“People have a chance to run 5Ks or 10Ks for various charity events, but rarely do you get a chance to run a mile on a track in a competitive situation,” decathlon co-founder Dave Maloney said in a telephone interview. “It’s an opportunity to give more people a chance to participate and donate. Not everyone has time to commit to training for all 10 events.”
There are three running events in the RBC Decathlon, at distances of 40 yards, 400 meters and 800 meters.
Also in the one-day competition are pull-ups, a football throw, an agility drill, rowing, vertical jump, bench press and dips -- a triceps exercise using one’s own weight.
“We saw last year we had guys who were All-Americans in college and do triathlons and marathons now,” said Rubin, who pulled out his win last year in the final event. “It’s definitely a top-tier athletic event with people who are constantly training and working out. It’s always fun to see what you can do against high-level competition.”
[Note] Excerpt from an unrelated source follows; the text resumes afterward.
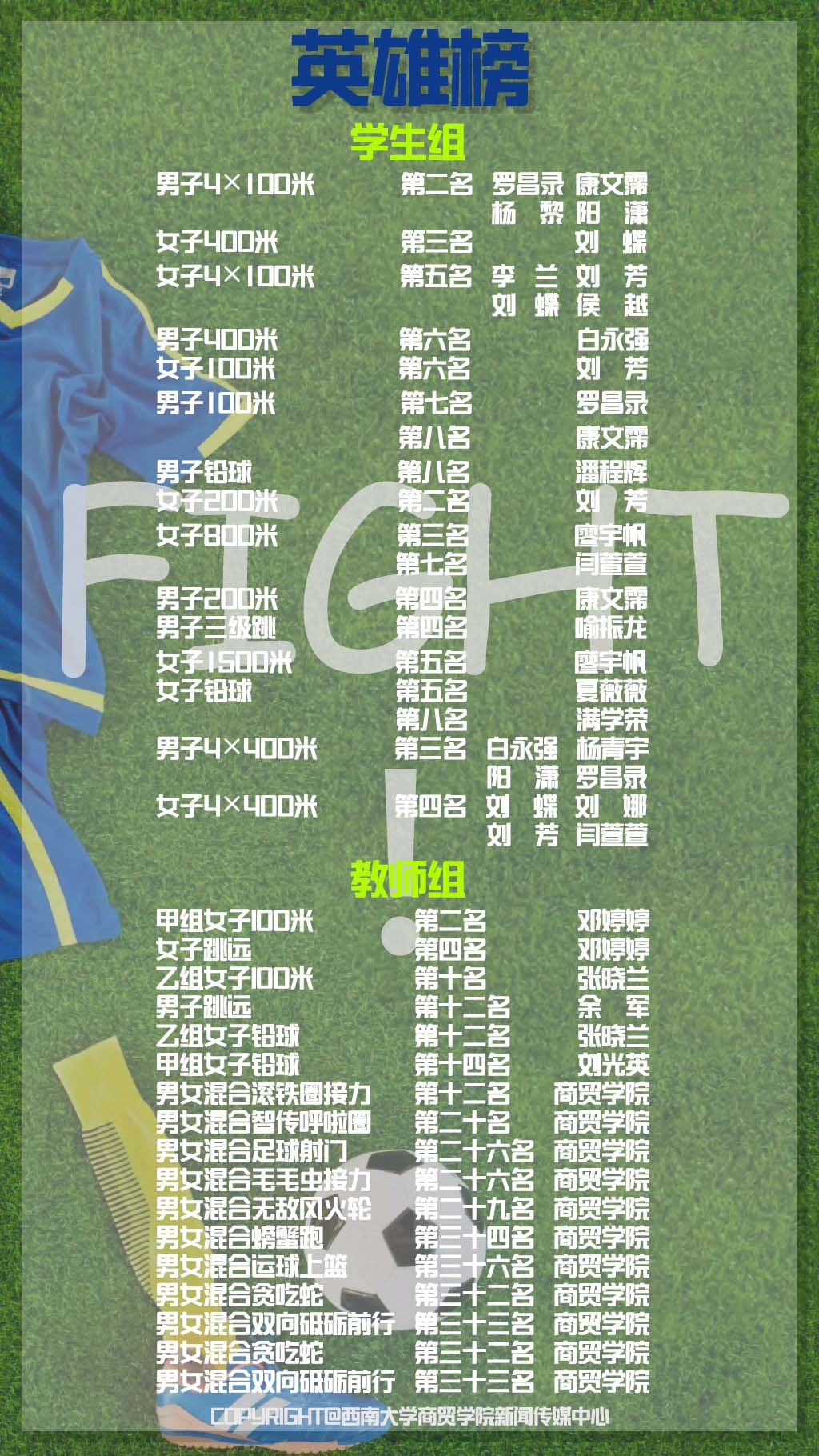学经理期以来高度重视体育工作,围绕“青春健身计划”常态化开展一系列体育文化活动,强体健心,全面发展,提升人才培养质量。在本次校运会中,全院师生运动员踊跃参与,展现了积极上进、乐观进取、奋力拼搏的商贸风采!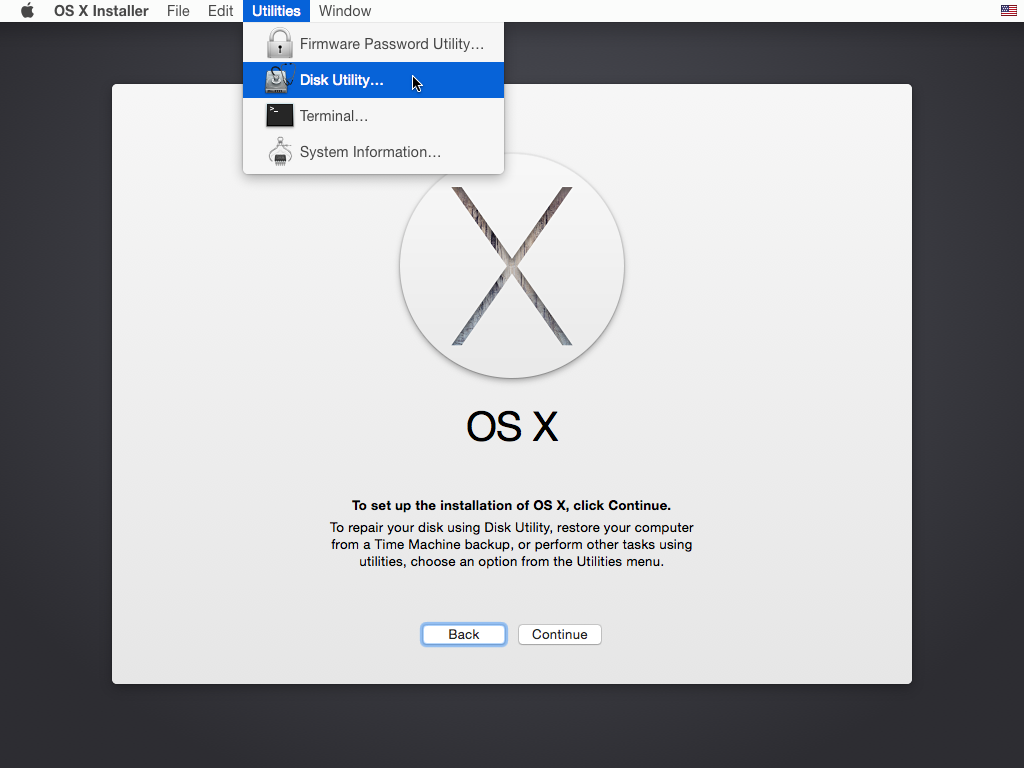 2. Не запуская установку, запустить из меню сверху Дисковую Утилиту (Disk Utility), в ней размонтировать жесткий диск, на который установлена Mac OS X.

Awards are presented to the top three finishers in the men’s and women’s divisions, as well as the top executive performer, the winners in three age groups (under 30, 30-39 and over 40), the top fundraiser and the top team.
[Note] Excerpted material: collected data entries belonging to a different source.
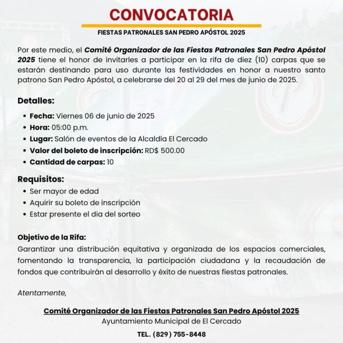 COMUNICACIÓN: FIESTAS PATRONALES SAN PEDRO APÓSTOL 2025
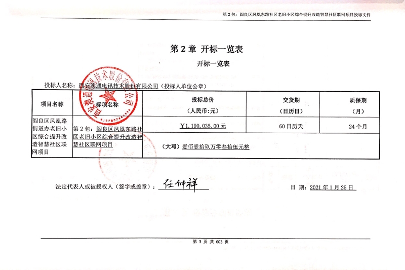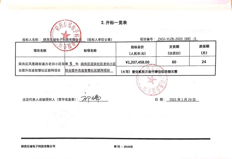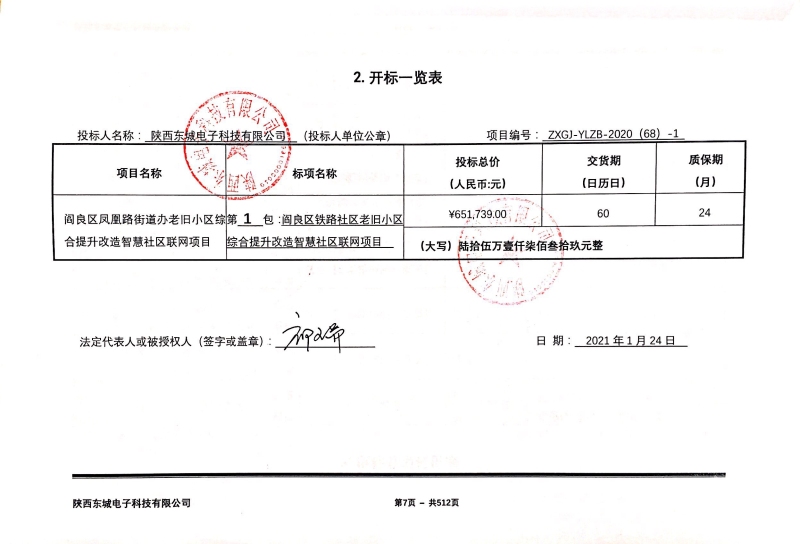 2、閻良區鳳凰東路社區老舊小區綜合提升改造智慧社區聯網項目: 17,090.00元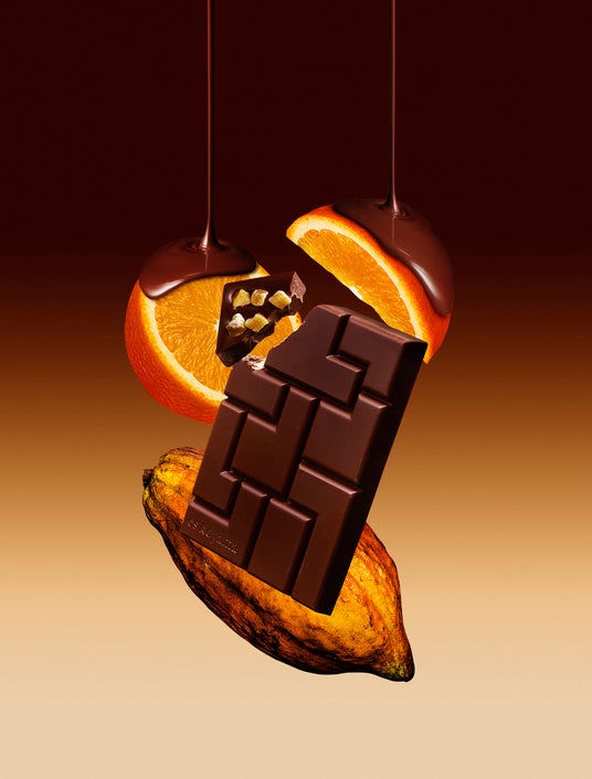 ベースはCACAO HUNTERS(R)?のコロンビア・シエラネバダ産カカオのビターチョコレート(カカオ分64%)を使用。コロンビア北部、標高5,000m級のシエラネバダ山脈麓に広がる熱帯雨林で採れたトリニタリオ種のカカオで、ベリー系の鮮やかな酸味と赤ワインのようなタンニンを感じる味わい。その裏面には、オレンジ果汁を濃縮したソフトグミを散りばめました。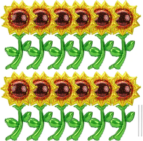 Paquete de 12 globos de girasol de 36 pulgadas, kit de arco de globos de Mylar de girasol, guirnalda de globos de girasol de papel de aluminio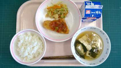 ごはん、いかのチリソース、何でもせん切りサラダ、わかめスープ、牛乳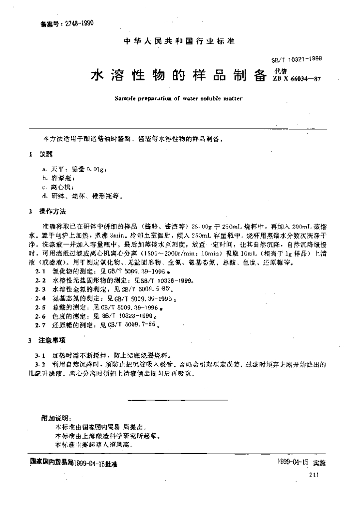 SB/T 10321-1999 水溶性物的样品制备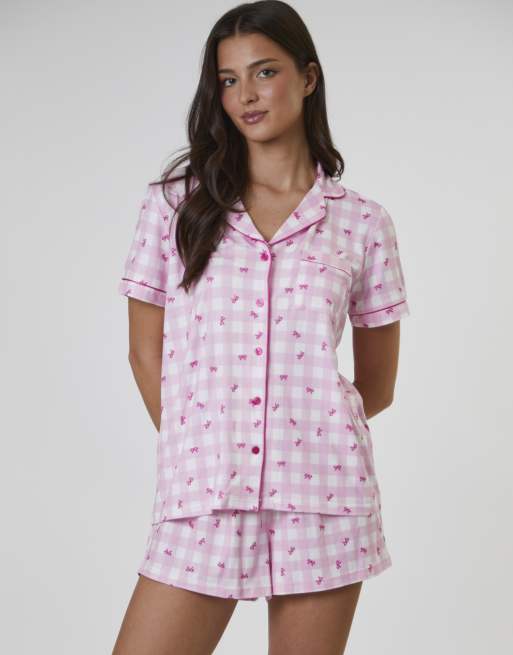 Loungeable - Ensemble ultra-doux avec short et top manches courtes à imprimé nœuds - Rose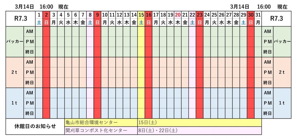 雨天共用車貸出基本禁止。※(理由 令和6年度の事例)大丈夫と無理にパッカーを移動させ、ぬかるみ(泥沼)にハマり自力で脱出ができない。(年に数回発生)亀山市内にレッカー(救助)をする業者なし。(JAFは特殊車両対応不可)また脱出の際に長時間、半クラッチでエンジンを高回転させたためパッカーが故障となり高額な修理費が発生。次の日にパッカー車を使用したい会員(班)に大変迷惑をかけました。雨天の作業で工期が決まっている場合は事務局職員が発注先と工期の調整をしますので相談をしてください。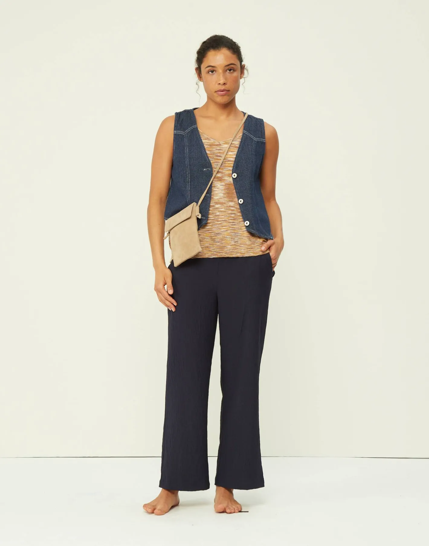 Bolso pequeño para llevar el teléfono, con solapa y cierre magnético. La cinta es larga para poder llevarlo cruzado.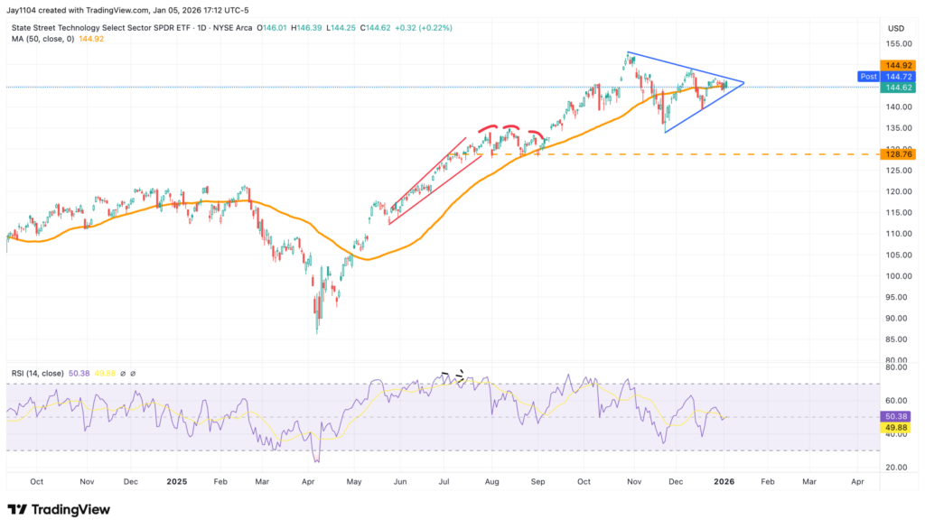 Looking at XLK more broadly, the sector has been largely stagnant over the past few weeks, effectively consolidating within a triangle pattern. As a result, the next move for the group is highly uncertain and could break in either direction.

Brian Kuritzky, a 26-year-old security analyst at the Goldman Sachs Group and a former Cornell University soccer player, was last year’s top individual fundraiser with over $90,000 in pledges.
Fundraising is also driven by so-called charity bets, with competitors generating donations by surpassing pre-event goals or benchmarks. Jason Price, a former All-American sprinter at the University of Southern California and a prime brokerage sales analyst for JPMorgan Chase & Co., last year triggered a $100,000 donation for any competitor who broke the event record in the 400 meters.